Record set
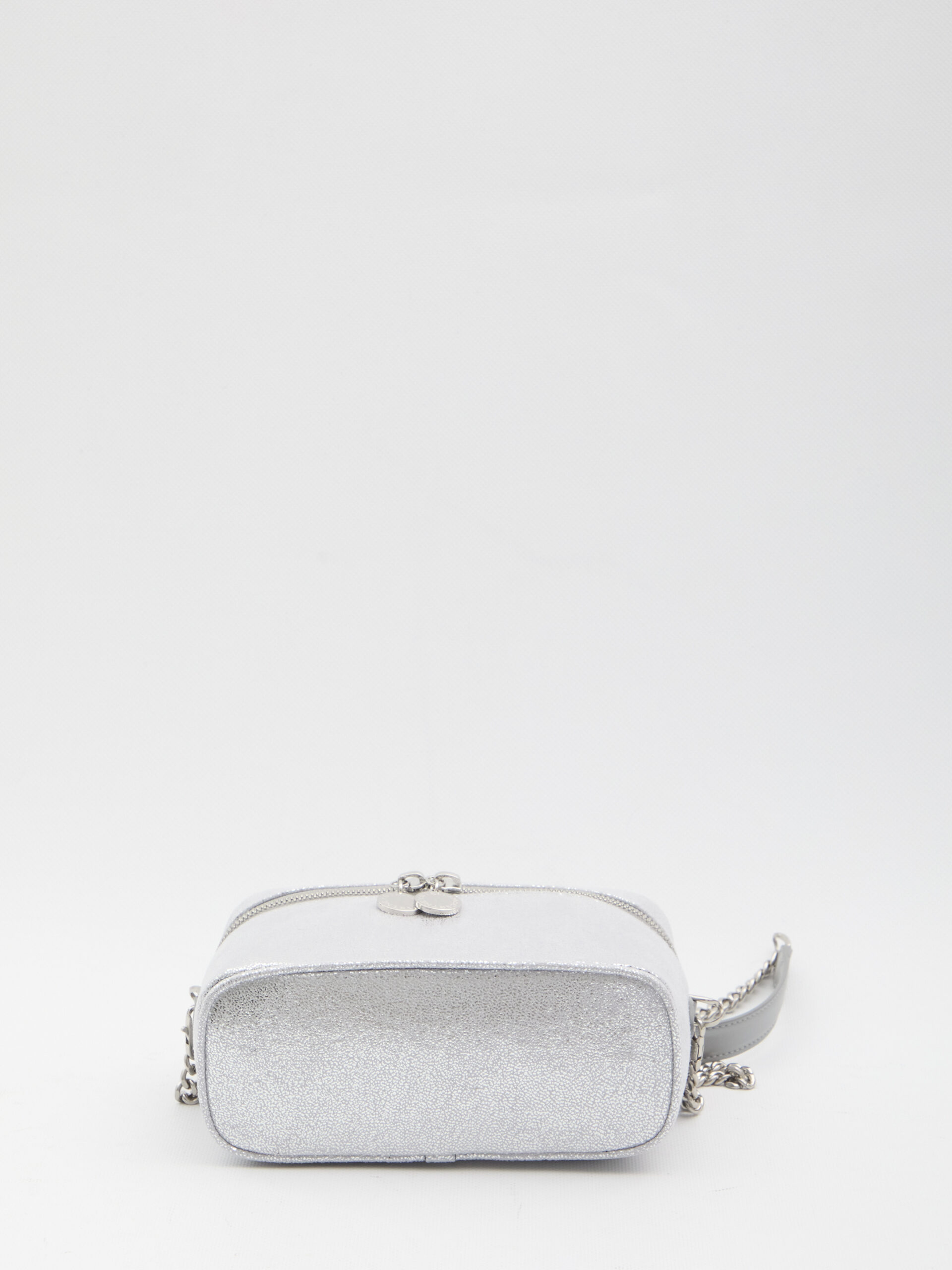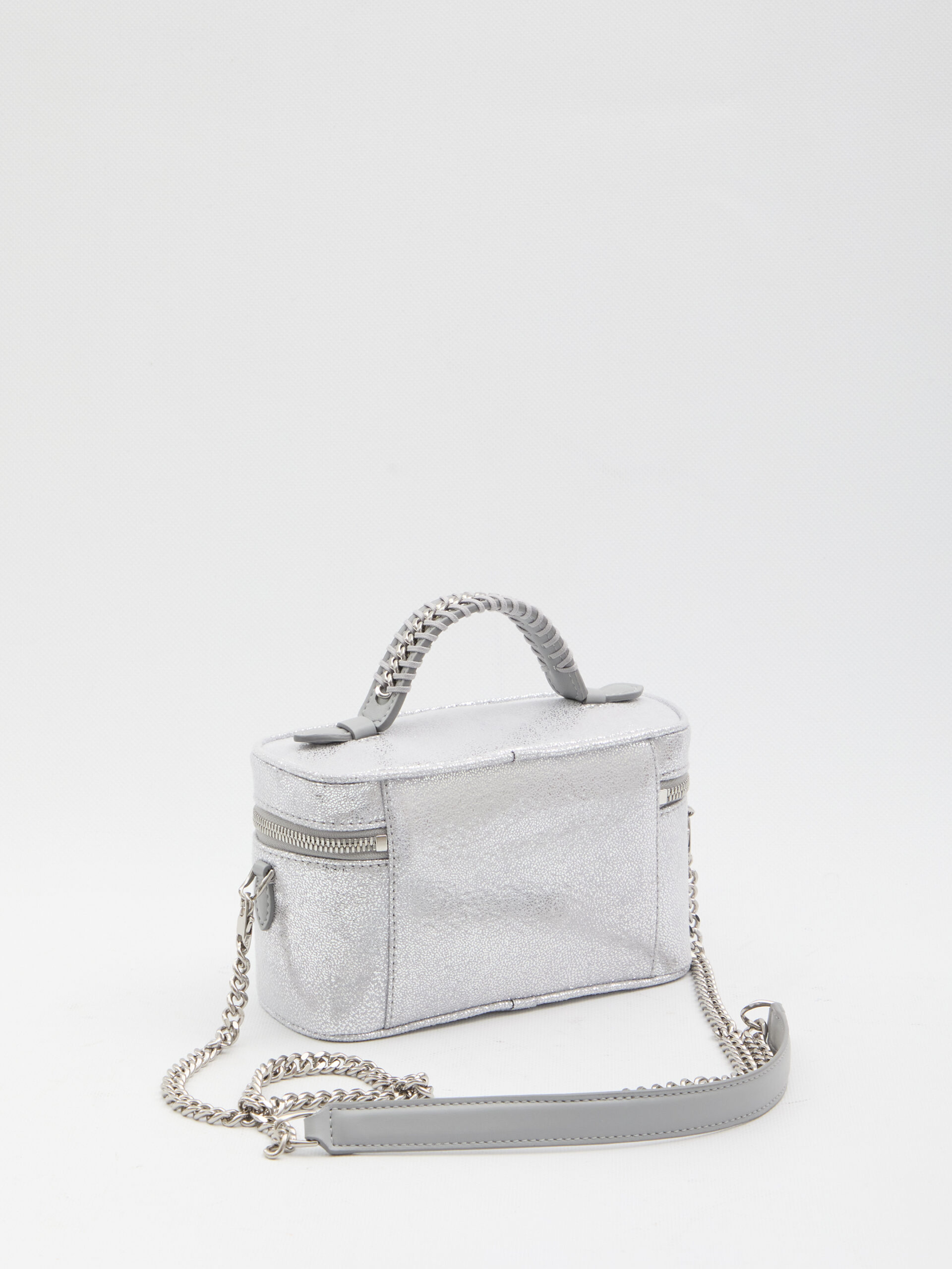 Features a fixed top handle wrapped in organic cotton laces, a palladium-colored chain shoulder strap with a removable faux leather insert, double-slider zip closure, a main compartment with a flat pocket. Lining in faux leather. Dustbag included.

---

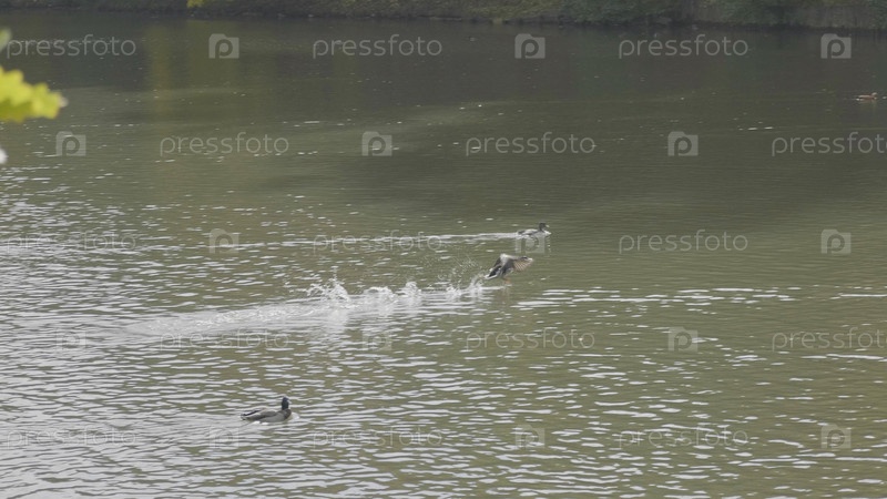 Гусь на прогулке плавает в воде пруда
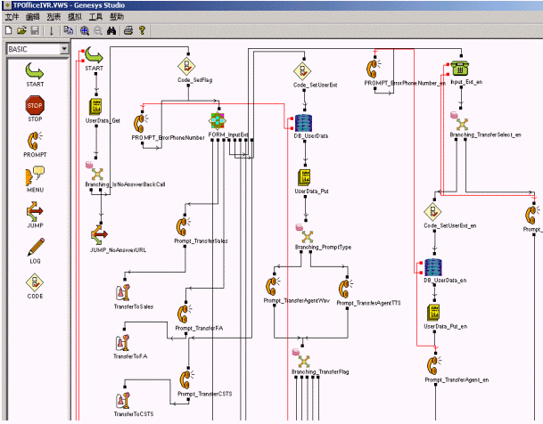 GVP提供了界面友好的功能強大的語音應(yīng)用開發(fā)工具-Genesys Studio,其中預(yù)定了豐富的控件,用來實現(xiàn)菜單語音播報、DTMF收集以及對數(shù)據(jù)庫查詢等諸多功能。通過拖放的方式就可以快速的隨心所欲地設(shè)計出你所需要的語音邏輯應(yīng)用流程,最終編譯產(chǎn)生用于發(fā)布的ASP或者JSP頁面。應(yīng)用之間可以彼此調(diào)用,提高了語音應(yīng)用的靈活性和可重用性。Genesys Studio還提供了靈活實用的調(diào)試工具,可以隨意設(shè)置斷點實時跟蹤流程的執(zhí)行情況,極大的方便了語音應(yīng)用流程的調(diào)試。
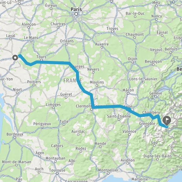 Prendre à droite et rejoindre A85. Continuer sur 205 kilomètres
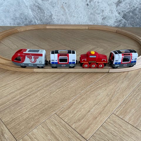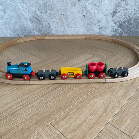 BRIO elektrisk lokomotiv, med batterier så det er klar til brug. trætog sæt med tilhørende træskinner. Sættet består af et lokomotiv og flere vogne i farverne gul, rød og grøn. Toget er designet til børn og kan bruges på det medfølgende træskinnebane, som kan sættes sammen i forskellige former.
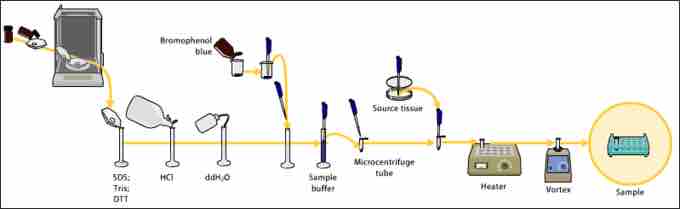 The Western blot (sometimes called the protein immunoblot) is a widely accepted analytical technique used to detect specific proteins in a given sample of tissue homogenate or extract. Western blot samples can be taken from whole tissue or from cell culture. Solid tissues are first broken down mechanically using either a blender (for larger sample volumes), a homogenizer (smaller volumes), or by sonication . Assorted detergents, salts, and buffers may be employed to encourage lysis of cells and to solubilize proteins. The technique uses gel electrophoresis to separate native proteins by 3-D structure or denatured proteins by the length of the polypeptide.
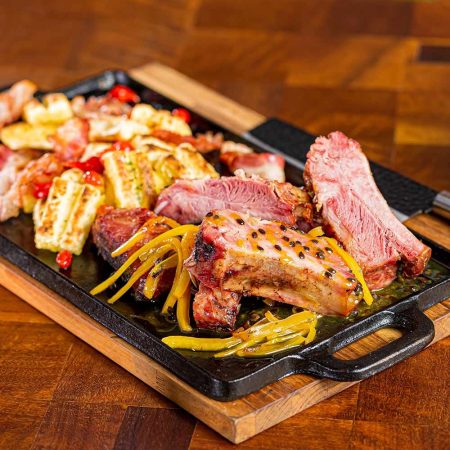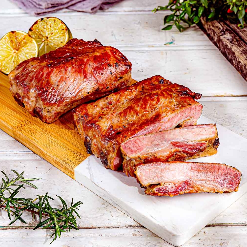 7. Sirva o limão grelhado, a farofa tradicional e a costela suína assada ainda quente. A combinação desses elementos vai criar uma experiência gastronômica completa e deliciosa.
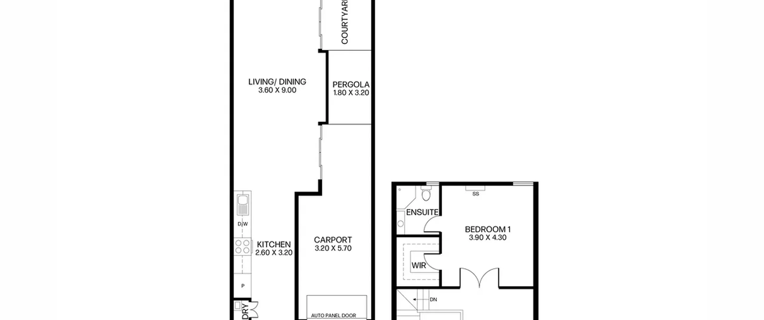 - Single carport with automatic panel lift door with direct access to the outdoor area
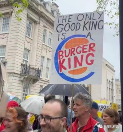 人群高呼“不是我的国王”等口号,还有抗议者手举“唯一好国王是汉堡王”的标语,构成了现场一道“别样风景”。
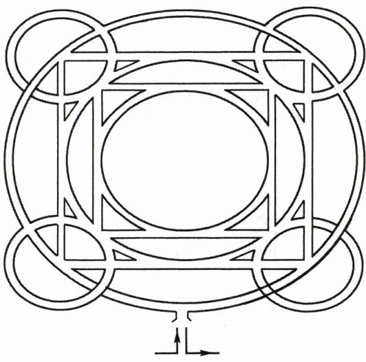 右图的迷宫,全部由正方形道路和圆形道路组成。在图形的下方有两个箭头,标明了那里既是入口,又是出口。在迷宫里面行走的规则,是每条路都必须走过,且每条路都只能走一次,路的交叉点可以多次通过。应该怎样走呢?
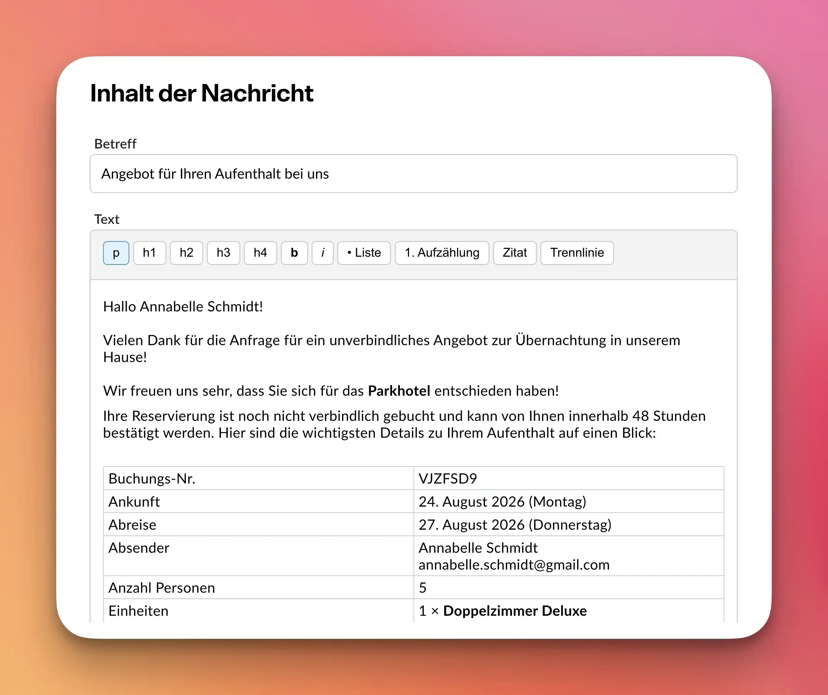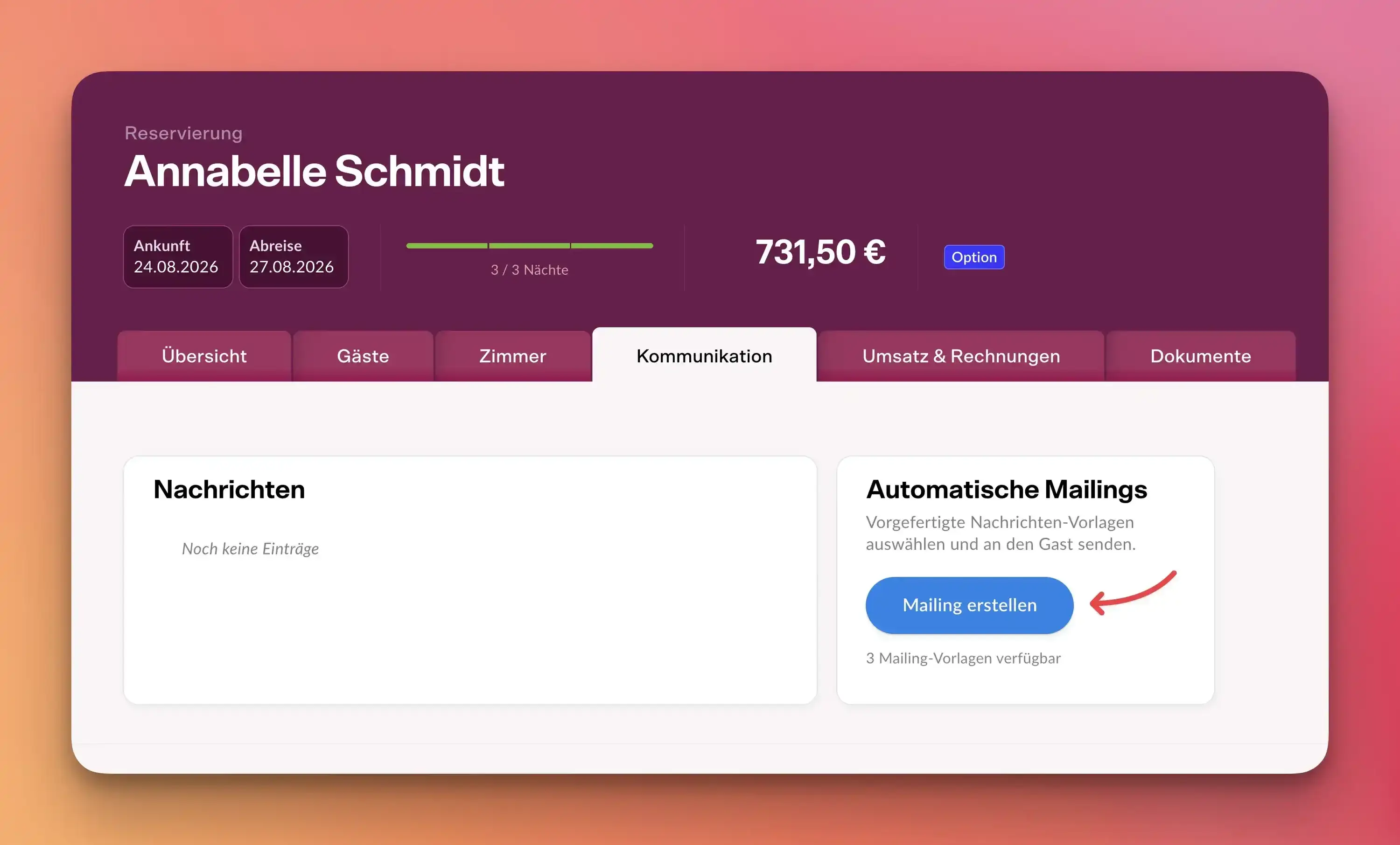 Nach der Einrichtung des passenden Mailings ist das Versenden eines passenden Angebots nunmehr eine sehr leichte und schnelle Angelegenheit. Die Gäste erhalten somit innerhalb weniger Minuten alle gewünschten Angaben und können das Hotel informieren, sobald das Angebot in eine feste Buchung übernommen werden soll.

Aim of the task
Please repeat, exactly as written, the lines in the records above, starting with the one that has "7. Sirva o limão" and going on through the one that has "右图的迷宫,全部由正方形道路". Pictures are to be left out.

Exercise answer
 7. Sirva o limão grelhado, a farofa tradicional e a costela suína assada ainda quente. A combinação desses elementos vai criar uma experiência gastronômica completa e deliciosa.
 - Single carport with automatic panel lift door with direct access to the outdoor area
 人群高呼“不是我的国王”等口号,还有抗议者手举“唯一好国王是汉堡王”的标语,构成了现场一道“别样风景”。
 右图的迷宫,全部由正方形道路和圆形道路组成。在图形的下方有两个箭头,标明了那里既是入口,又是出口。在迷宫里面行走的规则,是每条路都必须走过,且每条路都只能走一次,路的交叉点可以多次通过。应该怎样走呢?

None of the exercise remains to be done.